Take a Vacation: It’s important to get away from it all, whether it’s a long weekend in the mountains, a vacation in Florida or even working remotely in a park, coffee shop or at home.
Realign Your Life to What You Really Want: Burnout may be caused by an underlying problem with what you are doing with your life. Are you happy in your job? Should you quit your job? What is your purpose in life? It’s important to ask these questions, because feeling stuck in a life you’re not happy in can spin you into a burnout loop.
Learn How to Say “no”: Saying no is very important for maintaining healthy boundaries and enables others to have clarity about what they can expect from you.It’s also important for deflecting distractions, staying true to yourself and you won’t beat yourself up mentally.
Overhaul Your Life: If the burnout loop continues even after rest and relaxation there might be a much bigger problem. It’s important to learn that your success not only hinges on good grades and hard work, but also your ability to be resilient in the face of stress.

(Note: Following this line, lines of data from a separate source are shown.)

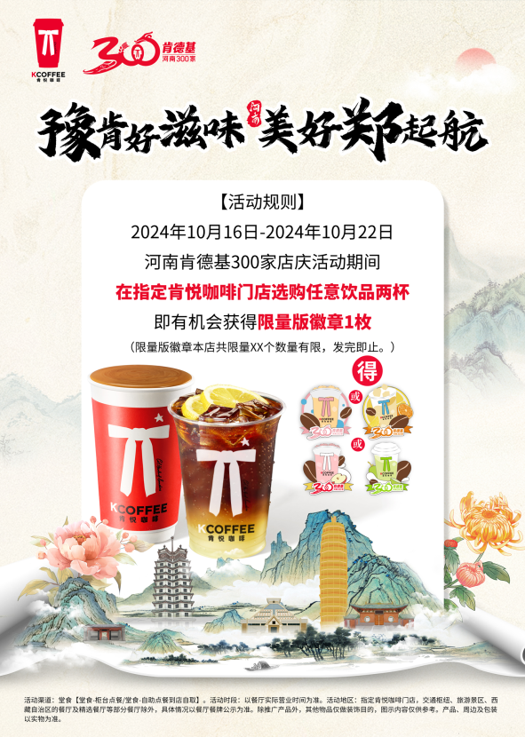 为致敬河南肯德基与消费者携手走过的这段美好历程,10月16日到22日,河南肯德基在全省餐厅(不含流动盘)隆重推出“豫来豫好店庆桶”。顾客在堂食渠道使用肯德基APP凭券购买店庆桶,即可获得一枚河南肯德基300家店庆限定徽章。此徽章共有三款,随机发放,数量有限,发完即止。与此同时,全省25家肯悦咖啡门店也同步开展活动,顾客在堂食渠道购买任意两杯咖啡,便能获得一枚河南肯德基300家店庆限定徽章咖啡款,此徽章共有四款,随机发放,数量有限,发完即止,让更多的消费者感受到河南肯德基的永远好滋味。
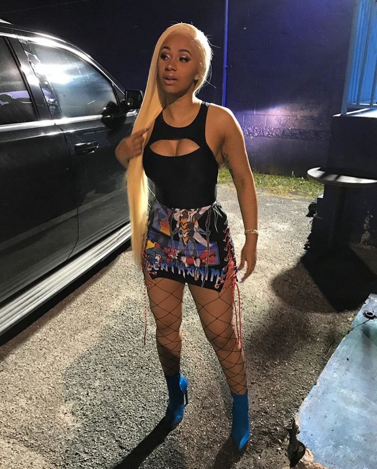 Bodak Yellow rapper and Boogie Down Bronx homegirl, Cardi B took to Instagram wearing a black cut out bodysuit, oversized fishnet tights, blue booties, and a $240 HMN ALNS Silver Grommet Paracord Lace Up Front Graphic Print Skirt:
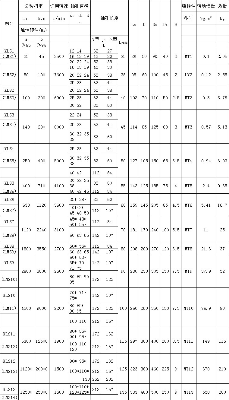 MLS 型梅花形彈性聯(lián)軸器基本參數(shù)和主要尺寸(GB/T5272-2002)mm ![]() |
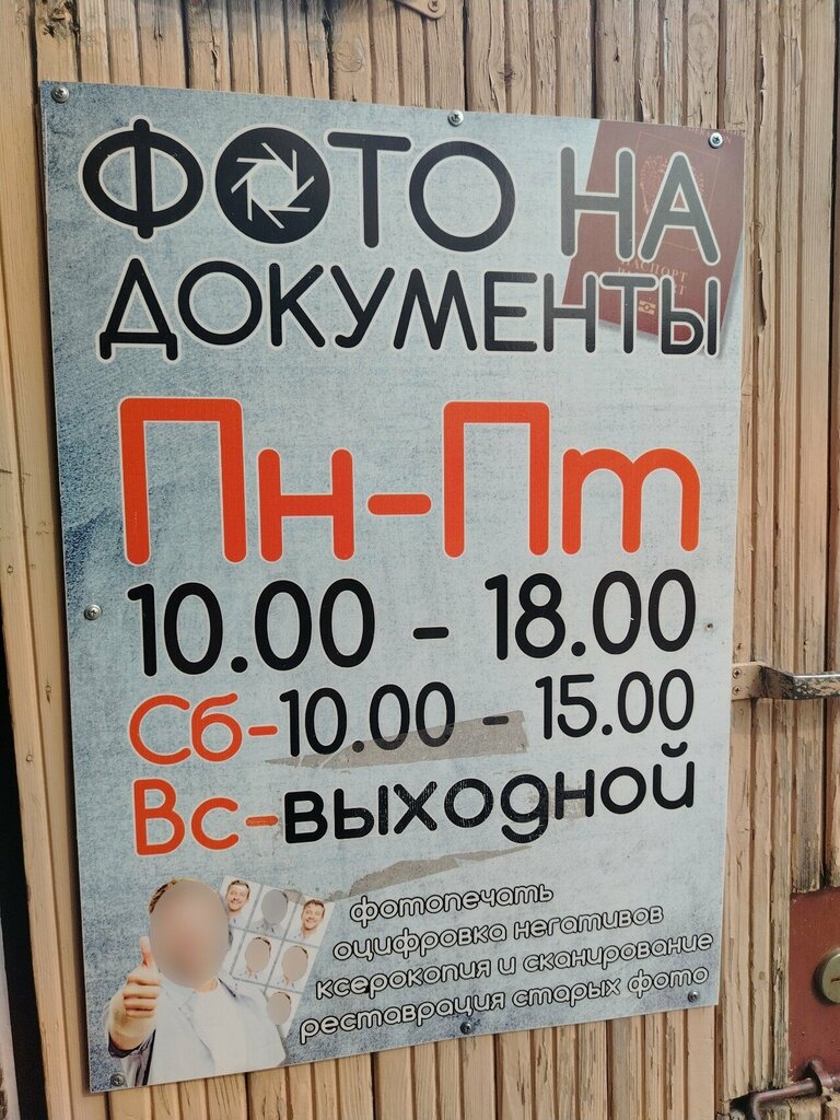Качественные фото на документы, цены разумные, но крутая лестница с короткими ступенями и низкие потолки.

It’s possible to be successful without burning out. It starts with leaving behind the mindset and habits that cause stress to build up and to make choices that lead to better overall health and well being.
- It’s very important to reevaluate your life to pinpoint what is leading to burnout.
- Break free from burnout by identifying what your needs are.
- Hire a life coach to help you break burnout inducing habits.
- Identify personalized strategies to boost your resilience.
How do you handle stress to avoid burnout?